Maniac Mansion | |
---|---|
Developer(s) | Home computers Lucasfilm Games NES LucasArts[2] Realtime Associates[3] |
Publisher(s) | Lucasfilm Games Jaleco (NES and Famicom) |
Designer(s) | Ron Gilbert Gary Winnick |
Programmer(s) | Ron Gilbert David Fox Carl Mey |
Artist(s) | Gary Winnick |
Composer(s) | Chris Grigg David Lawrence NES David Warhol George Sanger David Hayes Dave Govett Tsukasa Tawada (Famicom)[4] Amiga Brian Hales |
Engine | SCUMM |
Platform(s) | Commodore 64, Apple II, MS-DOS, Amiga, Atari ST, NES, Famicom, Classic Mac OS |
Release | C64, Apple II October 5, 1987[1] MS-DOS March 12, 1988 December 31, 1989 (enhanced version) NES Amiga, ST July 26, 1989 |
Genre(s) | Graphic adventure |
Mode(s) | Single-player |
Maniac Mansion is a 1987 graphic adventure video game developed and published by Lucasfilm Games. It follows teenage protagonist Dave Miller as he attempts to rescue his girlfriend Sandy Pantz from a mad scientist, whose mind has been enslaved by a sentient meteor. The player uses a point-and-click interface to guide Dave and two of his six playable friends through the scientist's mansion while solving puzzles and avoiding dangers. Gameplay is non-linear, and the game must be completed in different ways based on the player's choice of characters. Initially released for the Commodore 64 and Apple II, Maniac Mansion was Lucasfilm Games' first self-published product.

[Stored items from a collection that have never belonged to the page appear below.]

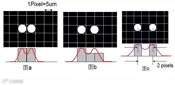 我们知道,物体是成像在相机芯片上的,物方的两个点,经过镜头系统成像在相机芯片上的最小距离,只有如图c所示时才能被分辨开来。若物方两点成像在芯片上的距离如图a, 图b所示时,这两点都不能被分辨开来。因此镜头的像方分辨率=2x像元尺寸时,说明此时镜头分辨率与相机完全匹配。如相机像元尺寸为5um, 镜头放大倍率为0.5倍。则有Resolution(物)=2x5µm/0.5=20µ m时,镜头与相机完全匹配。若Resolution(物)<20µm, 说明此时镜头过好,相机分辨率将成为系统的限制;若Resolution(物)>20µm, 说明此时相机过好,镜头分辨率将成为系统限制。
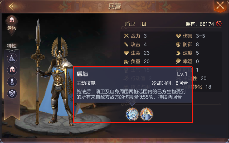 哨卫的技能在三大种族步兵中,属于最优秀的,主动、被动都是减伤。作为一个前排,拥有双减伤技能肯定是能极大的减少受到的伤害,前排坚持的越久,则远程的输出越高。
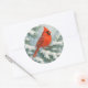 This winter-themed round sticker is ideal for any cardinal bird enthusiast. It showcases a watercolor illustration of a vibrant male cardinal perched on a snow-covered fir tree, creating a stunning winter scene. Perfect for adorning favor bags, Christmas cards, and holiday gifts. Susang6 used AI tools to create this artwork
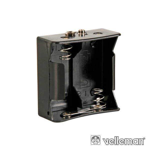 – Suporte p/ 2 Pilhas– Capacidade: 2 Pilhas tipo D– Terminais Snap de encaixe– Estrutura em Plástico Preta
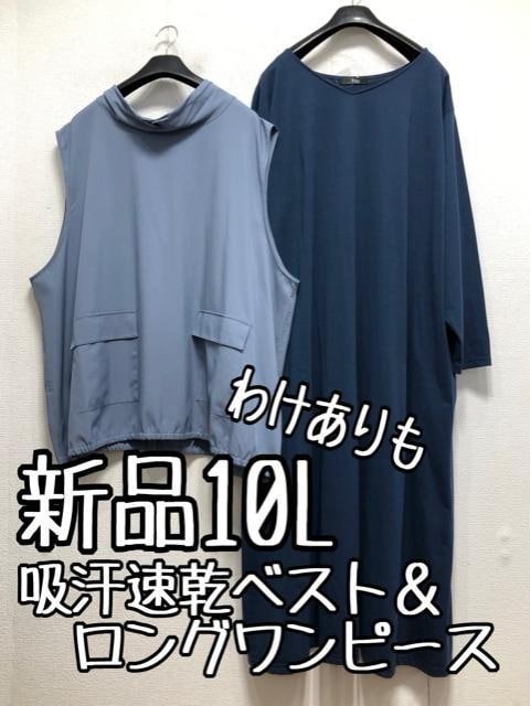 新品☆10Lブルー系♪吸汗速乾ベスト&カットソー地ワンピース♪わけありも☆x199
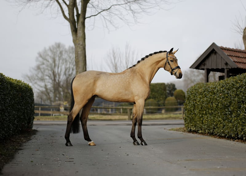 A rarity in every sense! An outstanding dressage prospect dressed in a striking golden coat with an impressive presence. Excellent riding comfort, combined with optimal development potential, superb basic quality, and a very good work ethic, make this young, still unspoiled young horse a highly interesting offering for sport and possibly future breeding. Easy to handle and already ridden by children and teenagers. Sold privately with a recent inspection (including back, neck, and poll).
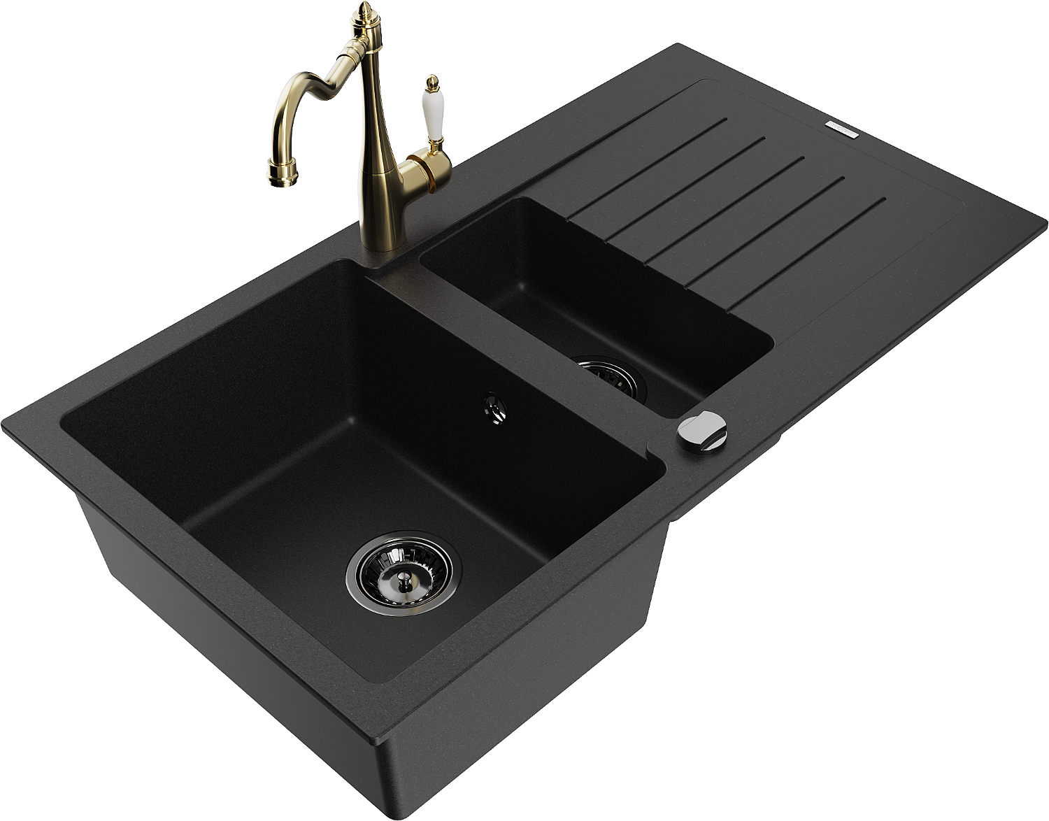 Мивка от гранит Mexen Matias 1,5-камерна с дренаж и кухненски смесител Carla, черна - 6502-77-670700-50-B
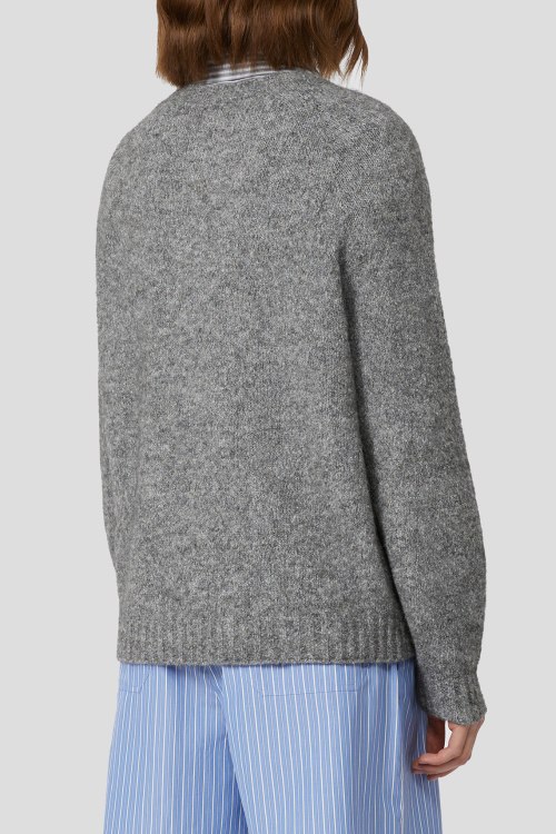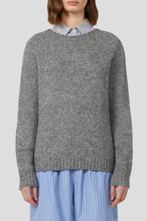 Детали: Женский серый джемпер из альпаки Ghiacci от Max Mara Weekend (Макс Мара Викенд). Классическая вязка, круглый вырез горловины, классическая длина, ребристые манжеты и нижний край

The game was conceived in 1985 by Ron Gilbert and Gary Winnick, who sought to tell a comedic story based on horror film and B-movie clichés. They mapped out the project as a paper-and-pencil game before coding commenced. While earlier adventure titles had relied on command lines, Gilbert disliked such systems, and he developed Maniac Mansion's simpler point-and-click interface as a replacement. To speed up production, he created a game engine called SCUMM, which was used in many later LucasArts titles. After its release, Maniac Mansion was ported to several platforms. A port for the Nintendo Entertainment System had to be reworked heavily, in response to Nintendo of America's concerns that the game was inappropriate for children.[5]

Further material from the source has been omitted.